Home / System / Zero Divine / Chapter 4: The World Forgotten
Chapter 4: The World Forgotten
Author: Tony Hallows
last update2025-07-11 22:28:09

The air outside tasted dry and stale, like it hadn’t been breathed in years. Dust clung to Cael’s tongue with every breath, and the wind dragged grit across the cracked remnants of a road that stretched into the ruins ahead. The sky hung low in a pale wash of colorless light, more ash than blue. There were no birds, no hum of insects. Just silence and ruin.

The surface wasn’t what he expected. Not that he knew what he expected.

He stood there a moment longer, watching the wind spiral through the empty plain. The ground was gray with soot, the horizon jagged with collapsed buildings, rusted towers, and crumbling roads eaten by time. Chunks of machinery jutted from the earth like broken bones, long abandoned by whatever civilization once used them.

Cael shifted his weight and winced. His side throbbed with a dull ache, a reminder of the Herald’s backhand. He looked down at himself and frowned. The bruises he suffered had already darkened across his ribs and his hands were scraped raw. Yet something felt off. Not exactly wrong, just strange in a way. The pain was receding too quickly. The swelling should have been worse. His breathing should've been shallow from the hits. But instead, his body pulsed with a strange warmth under the soreness. With the way the sensations were changing, it felt a lot like he was seemingly adapting to the situation.

He looked down at the weapon he’d carried out from the fight: the Herald’s spear. The handle was heavier than it looked, its segmented parts pulsing faintly with lines of dim blue energy. It wasn’t warm, but it felt responsive to his touch, like it recognized him now.

"Are you going to explain any of this?" he muttered aloud.

[Specify.] Nyx's voice chimed in his head, calm and detached.

"This place. This world. The fact that everything around me looks like a war ate it."

[Historical data not present. This HALO was designed solely for Subject-13's operational parameters.]

Cael stared across the cracked plain toward what looked like the rusted skeleton of an old city far in the distance. Towers slumped at awkward angles. A bridge had snapped in half midair, leaving its remains hanging like an unfinished sentence.

He started walking. The spear rested over his shoulder now, balanced easily despite its size. With every step, his legs loosened a little more, as if his body had begun reconfiguring its limits without him asking it to.

"Subject-13," he said, his voice needlessly quiet. "That’s me."

[Confirmed. Your name is Cael, also known as Subject-13. You are a Prime HALO project candidate.]

He stopped walking for a moment, his brow furrowing in thought. "Did you know my name beforehand?"

[It was embedded into your neural encoding.
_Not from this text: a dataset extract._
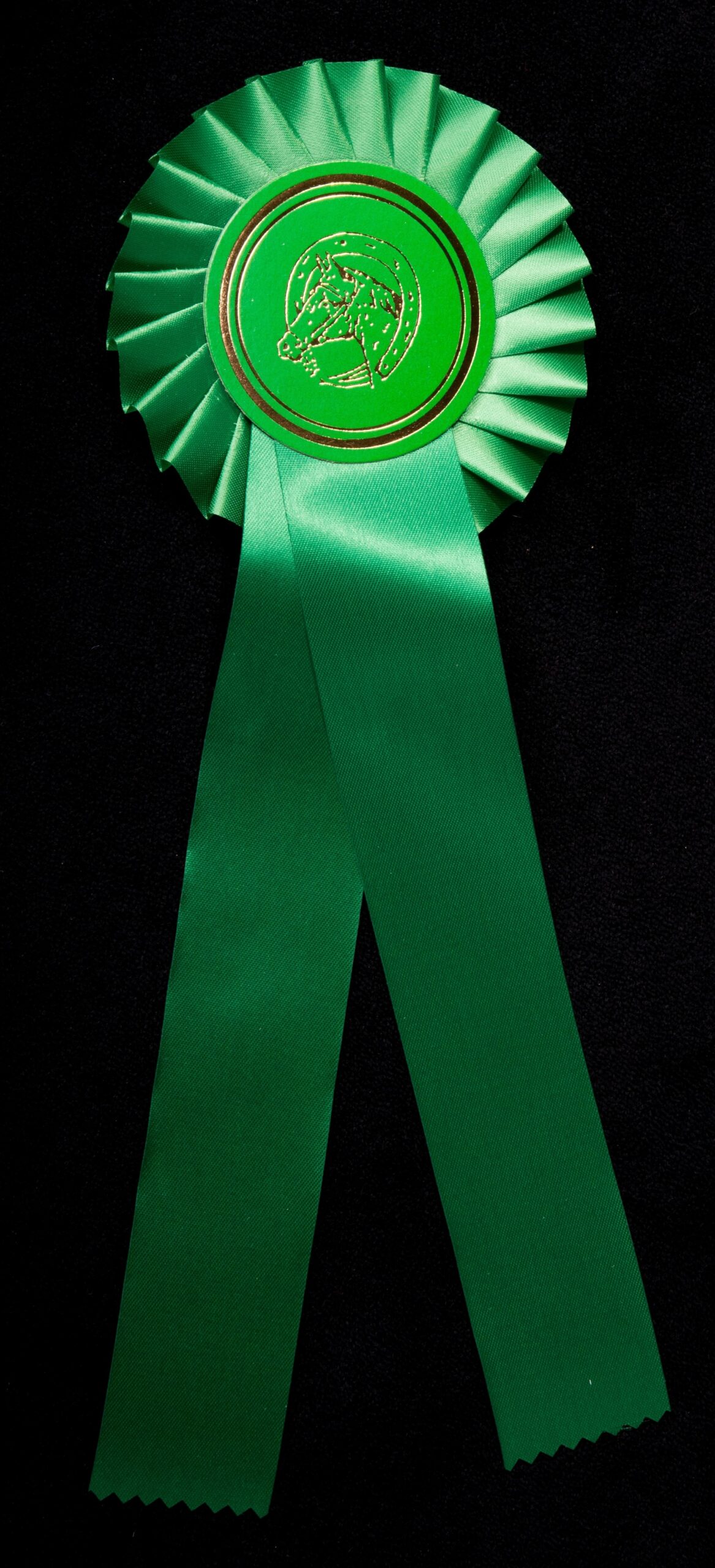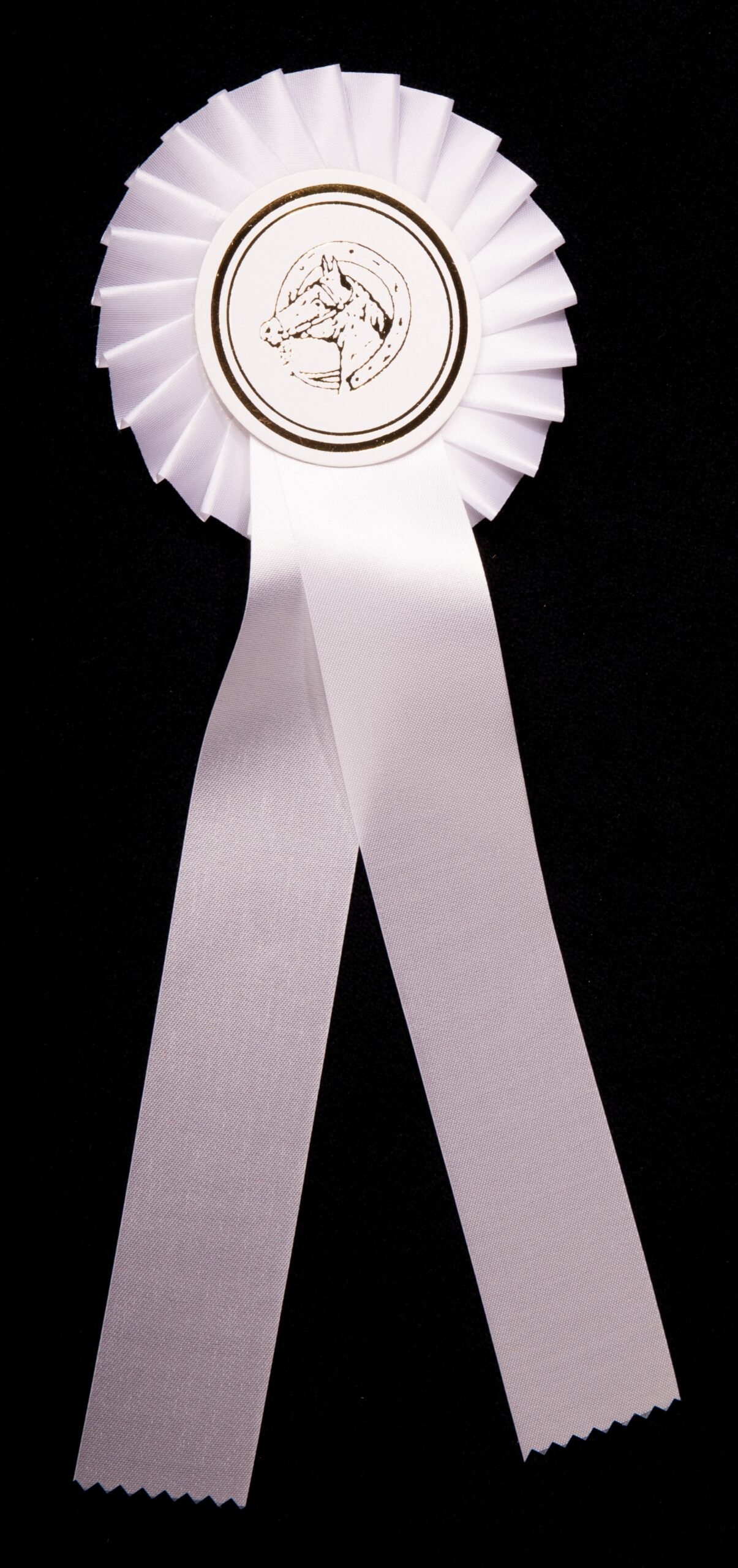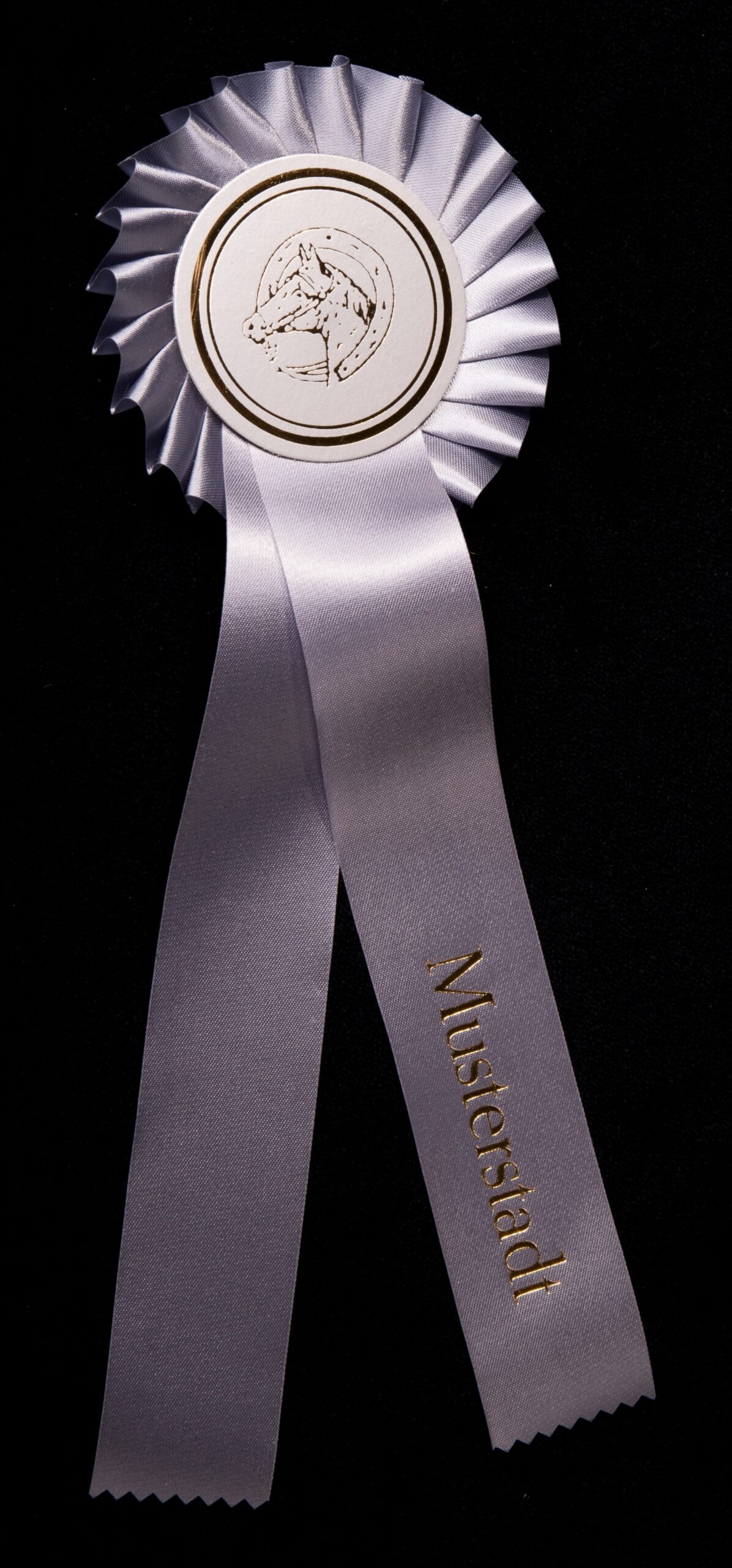 Plissierte Einfachrosette (individuell gestaltbar) mit kleiner, seitlich gelegter Falte, ca. 11 cm, Button 65 mm, 2 Bänder je 25 cm, Bandbreite 4 cm Gesamtlänge, ca 30 cm

I recognized it upon system resync.]

"Right, that's very convenient," he muttered. He knelt beside a cracked stretch of road where a faded sign had collapsed into the dust. The letters were in a language he recognized, but the name had been scorched off, melted by fire or heat or something worse.

He stood again and looked back at the path he'd taken. The bunker door had sealed itself shut behind him. The Herald's arm, the one that had been severed, lay just beside it motionless now. He made a mental note to keep moving, just in case it could signal.

"You said Prime HALO. What does that mean?"

[You are not a standard HALO user. Prime subjects are constructed using curated genetic and neural sequences. Your existence is a convergence of engineered design and synthetic intelligence. You were not born. You were made.]

Cael felt that sink into his stomach like a stone in water. "You mean I’m not human?"

[Your biology exceeds the standard definition of human, but not entirely separate. You were derived from humanity. An enhanced and refined breed designed to thrive over the current species of humans.]

He continued walking, his boots crunched over broken glass and powdered concrete. The remnants of a street curved around a crater filled with collapsed metal pylons. Not a single sign of life so far, and he was starting to find it a little unsettling.

"And what exactly is the Prime HALO Project?"

[That information is currently restricted.]

He stopped again with a frown. "Why?"

[Your system access tier has not yet reached clearance level for historical archives.]

Cael exhaled sharply through his nose. He turned in a slow circle, letting the spear hang from one hand now. There was no wind anymore which meant there wasn't much sand in the air. Just the distant whisper of shifting debris, and the sound of his own heartbeat.

"You expect me to just keep going with nothing? No answers, no memory, and a death machine that nearly broke me in half back there?"

[Your Directive is Survival. Continued exposure will facilitate adaptive calibration.]

He closed his eyes for a moment when he entered the remains of a small shop that was in the walls of a damaged building. The cold stung the skin beneath his bruises, fading slowly, but the pain grounded him. When he opened them again, the sun had shifted slightly, still hidden behind high gray clouds, but enough to cast longer shadows across the ruins.